• INPUT DATA

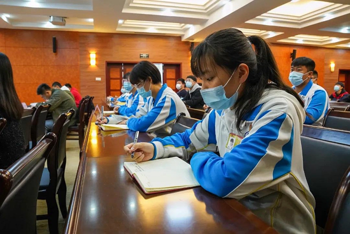 在黨課現(xiàn)場,聶晶深情回顧了140多個寒冬酷暑里40位下沉干部舍小家顧大家,堅守在村鎮(zhèn)社區(qū)戰(zhàn)“疫”一線,為全市疫情防控貢獻出國企人硬核力量和擔(dān)當(dāng)?shù)母腥耸论E。聽課師生被以聶晶為代表的下沉干部們在高風(fēng)險地區(qū)毫不退縮、勇往直前,筑牢疫情防控堅固防線的事跡所深深感動。
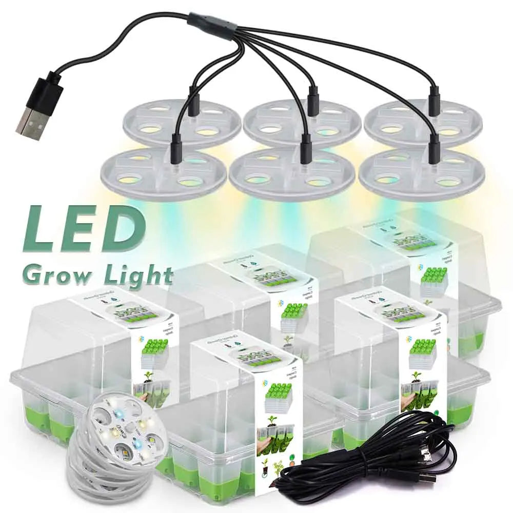 LED Grow Light Seedling Starter Tray Kit with Transparent Cover Indoor Garden Greenhouse Flower Plants Nursery Germination Box
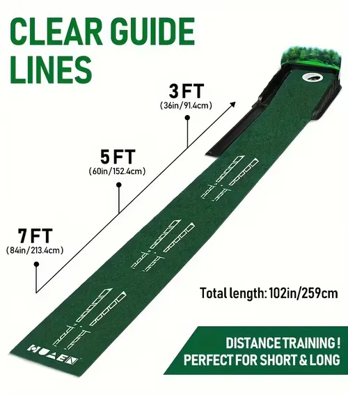 Indoor Golf Putting Mat with Auto-Ball Return & Behind-the-Hole Ball Collector - Putter Alignment Guides at 3, 5 & 7 Feet, Multidistance Practice, Smooth Surface, Practice Enthusiasts
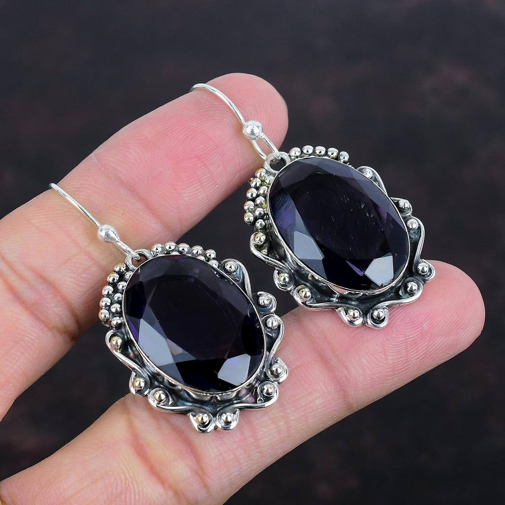 Серьги с граненым африканским аметистом, натуральные драгоценные камни, серьги из стерлингового серебра 925 пробы, стильные серьги ручной работы, изящные серьги, свадебные подарки
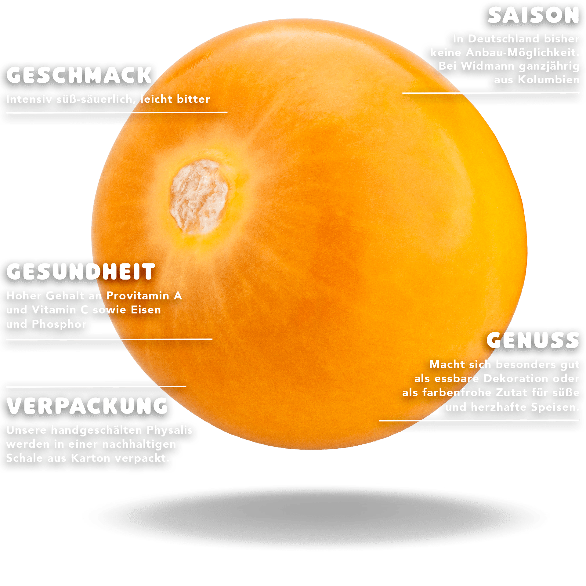 Da die Physalis wärmere Gegenden bevorzugt, kommt sie bei Widmann das ganze Jahr über aus Kolumbien. Die Früchte sind ziemlich empfindlich. Deshalb bringen wir sie auf schonendem Weg nach Deutschland und verpacken sie hier tagesfrisch. Eine Besonderheit bei uns: Wir bieten diese auch in liebevoll von Hand geschälter Form an. So erkennt man auf den ersten Blick, dass die Leuchtkugeln snackbereit sind. Angenehmer Nebeneffekt: Man spart viel Zeit bei der Zubereitung.
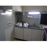 入居前修繕工事として、全室クロス張替や木部(巾木・サッシ枠)塗装替、ブラインド・カーテン交換、換気扇交換等を行いました。 キッチンは、クロス張替やパネルの塗装補修を行っています。
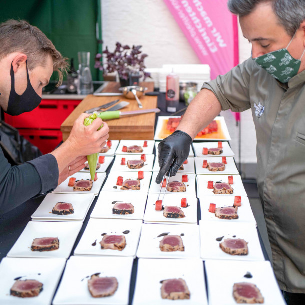 Am Mittwoch, den 16. September hatte das Wetzlar Network zu einem Get-Together bei beim Einrichtungsspezialisten für Küche Bad und Objekt – pfeiffer in Asslar geladen. Natürlich unter Einhaltung strengster Hygieneauflagen und Sicherheitsabstände. Starkoch Nils Jorra bereitete auf dem legendären Keramikgrill Big Green Egg einige Köstlichkeiten zu. Und es wurde auch gebührend auf das 10-jährige Jubiläum des Wetzlar Network angestoßen. Man könne „stolz sein auf das, was sich hier getan hat“, betonte Dr. Carsten Ott von Hessen Trade & Invest: „Die Zusammenarbeit der Unternehmen aus den Bereichen Optik, Elektronik und Mechanik ist ein Schlüssel zum Erfolg. Und die positive Entwicklung ist auch das Ergebnis der Zusammenarbeit im Wetzlar Network.“
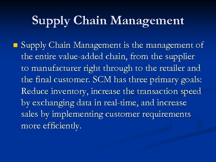 Supply Chain Management n Supply Chain Management is the management of the entire value-added chain, from the supplier to manufacturer right through to the retailer and the final customer. SCM has three primary goals: Reduce inventory, increase the transaction speed by exchanging data in real-time, and increase sales by implementing customer requirements more efficiently.

• TASK GOAL
Nothing but the pictures may be dropped; output the records above exactly.

• THE COMPLETED TASK
 在黨課現(xiàn)場,聶晶深情回顧了140多個寒冬酷暑里40位下沉干部舍小家顧大家,堅守在村鎮(zhèn)社區(qū)戰(zhàn)“疫”一線,為全市疫情防控貢獻出國企人硬核力量和擔(dān)當(dāng)?shù)母腥耸论E。聽課師生被以聶晶為代表的下沉干部們在高風(fēng)險地區(qū)毫不退縮、勇往直前,筑牢疫情防控堅固防線的事跡所深深感動。
 LED Grow Light Seedling Starter Tray Kit with Transparent Cover Indoor Garden Greenhouse Flower Plants Nursery Germination Box
 Indoor Golf Putting Mat with Auto-Ball Return & Behind-the-Hole Ball Collector - Putter Alignment Guides at 3, 5 & 7 Feet, Multidistance Practice, Smooth Surface, Practice Enthusiasts
 Серьги с граненым африканским аметистом, натуральные драгоценные камни, серьги из стерлингового серебра 925 пробы, стильные серьги ручной работы, изящные серьги, свадебные подарки
 Da die Physalis wärmere Gegenden bevorzugt, kommt sie bei Widmann das ganze Jahr über aus Kolumbien. Die Früchte sind ziemlich empfindlich. Deshalb bringen wir sie auf schonendem Weg nach Deutschland und verpacken sie hier tagesfrisch. Eine Besonderheit bei uns: Wir bieten diese auch in liebevoll von Hand geschälter Form an. So erkennt man auf den ersten Blick, dass die Leuchtkugeln snackbereit sind. Angenehmer Nebeneffekt: Man spart viel Zeit bei der Zubereitung.
 入居前修繕工事として、全室クロス張替や木部(巾木・サッシ枠)塗装替、ブラインド・カーテン交換、換気扇交換等を行いました。 キッチンは、クロス張替やパネルの塗装補修を行っています。
 Am Mittwoch, den 16. September hatte das Wetzlar Network zu einem Get-Together bei beim Einrichtungsspezialisten für Küche Bad und Objekt – pfeiffer in Asslar geladen. Natürlich unter Einhaltung strengster Hygieneauflagen und Sicherheitsabstände. Starkoch Nils Jorra bereitete auf dem legendären Keramikgrill Big Green Egg einige Köstlichkeiten zu. Und es wurde auch gebührend auf das 10-jährige Jubiläum des Wetzlar Network angestoßen. Man könne „stolz sein auf das, was sich hier getan hat“, betonte Dr. Carsten Ott von Hessen Trade & Invest: „Die Zusammenarbeit der Unternehmen aus den Bereichen Optik, Elektronik und Mechanik ist ein Schlüssel zum Erfolg. Und die positive Entwicklung ist auch das Ergebnis der Zusammenarbeit im Wetzlar Network.“
 Supply Chain Management n Supply Chain Management is the management of the entire value-added chain, from the supplier to manufacturer right through to the retailer and the final customer. SCM has three primary goals: Reduce inventory, increase the transaction speed by exchanging data in real-time, and increase sales by implementing customer requirements more efficiently.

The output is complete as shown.